CompVis / latent-diffusion

High-Resolution Image Synthesis with Latent Diffusion Models
MIT License
11.78k stars 1.53k forks source link

Embedding dimensions of LDM-VQ models are different wrt to VQGAN's #144

Open joanrod opened 2 years ago

joanrod commented 2 years ago

I realize that the configuration of VQ autoencoders in Latent Diffusion is different than the one used in VQGAN (taming-transformers). Specifically, I see that embed_dim and z_channels have low values (3, 4, ...) in Latent Diffusion (https://github.com/CompVis/latent-diffusion/blob/a506df5756472e2ebaf9078affdde2c4f1502cd4/models/first_stage_models/vq-f8/config.yaml#L5) whereas in VQGAN the values were larger (256, 512) (https://github.com/CompVis/taming-transformers/blob/24268930bf1dce879235a7fddd0b2355b84d7ea6/configs/imagenet_vqgan.yaml#L5)

TL;DR, what is the reason that the Z embedding dimension is lower in Latent Diffusion? Thanks!

zhuyu-cs commented 1 year ago

The same question!!! It's tooooooo strange and I can't figure out why this is also suitable for the mentioned tasks, especially SR task. Actually, I just want to know if this is the result of experience or if there is some motivation.

wtliao commented 1 year ago

Hi @joanrod and @zhuyu-cs , I have the same confusion. Have you figured it out? Thanks!

ima9ine commented 1 year ago

@joanrod @zhuyu-cs @wtliao
The reason why LDA have very small embed_dim than VQGAN is that LDA use diffusion model as a generative process. Unlike VQGAN which use encoded vectors as a building block, LDA use diffusion process that can generalize generative process by only 'few channels'. VQGAN's encoded vectors have large dimension but VQGAN downsample more than LDA. So the number of encoded output is much smaller than LDA's encoded output. Since using diffusion model for large image size takes a lot of computation, the main idea of LDA is that downsample image until encoded image have perceptual equivalence with original image and use diffusion model at low resolution(=embeded image). I don't know exact reason why LDA use embed_dim as 4, not 3. But I guess it is pure hyperparameter of model.

check out this video : https://www.youtube.com/watch?v=844LY0vYQhc You can see that encoded images look similar with original input but they have different points for generation model.

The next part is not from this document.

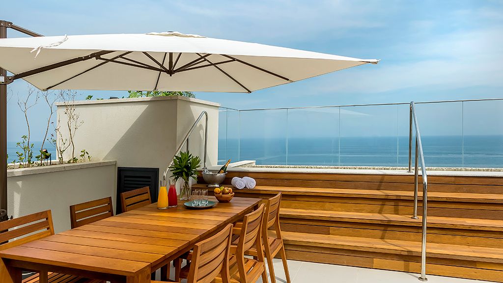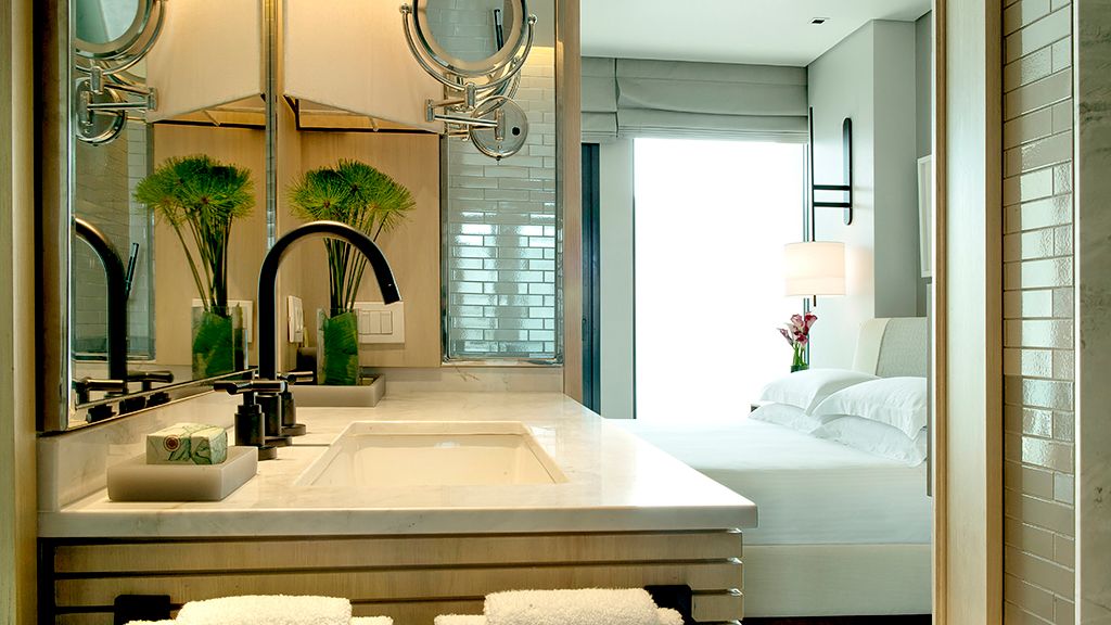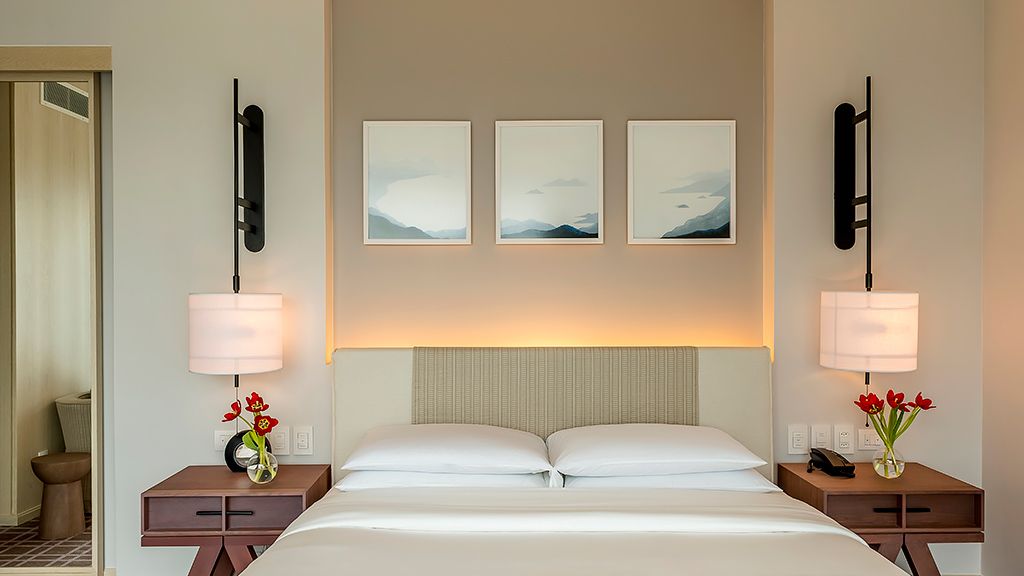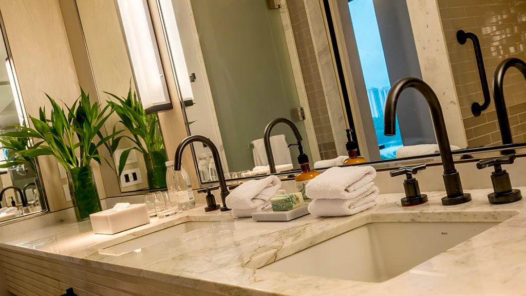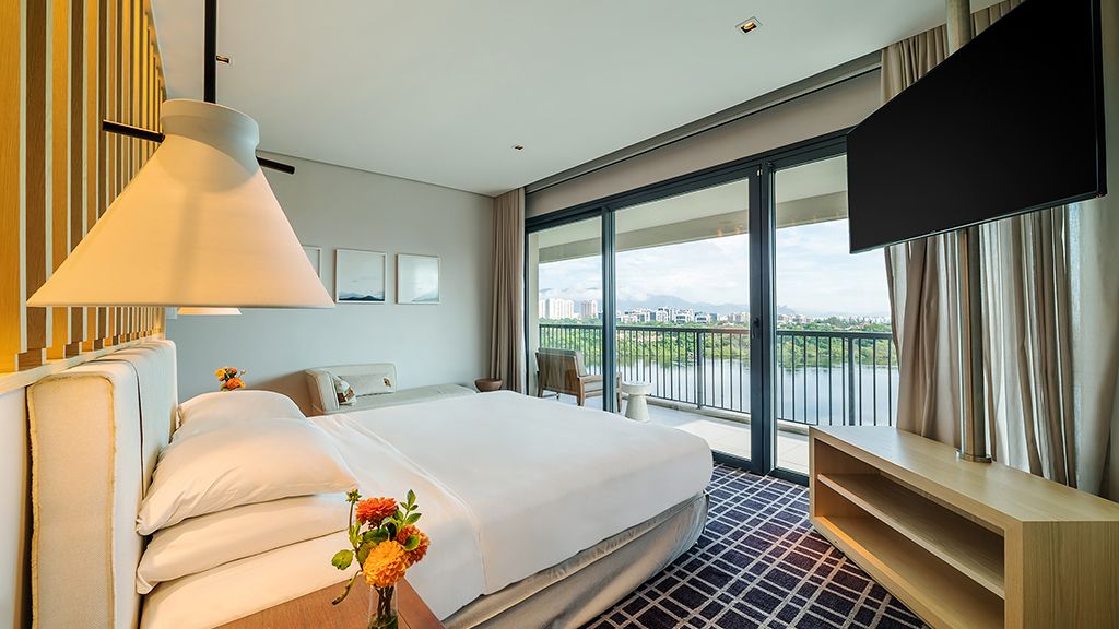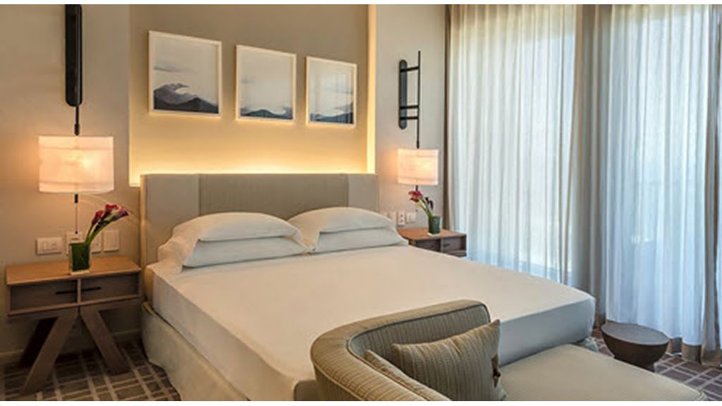 Relax in this spacious suite that features a private balcony, a walk-in closet, a desk, a large bathroom with separate immersing bathtub and shower, and views to the ocean and the Marapendi Lagoon. Enjoy the access to the Grand Club, executive floor, with daily cocktail service and alcoholic and nonalcoholic beverages included.

스크린샷 2023-02-01 15-50-11 스크린샷 2023-02-01 16-18-59

wtliao commented 1 year ago

Hi @ima9ine ,

thanks a lot for your detail explanation! It helps me better understand. One question, do you mean the "LDA" you used "LDM"? Further, for generating image in resolution of 1024X1024, is the input of the diffusion model, i.e. the output of the encoder, is still the size of 64643? Thanks again!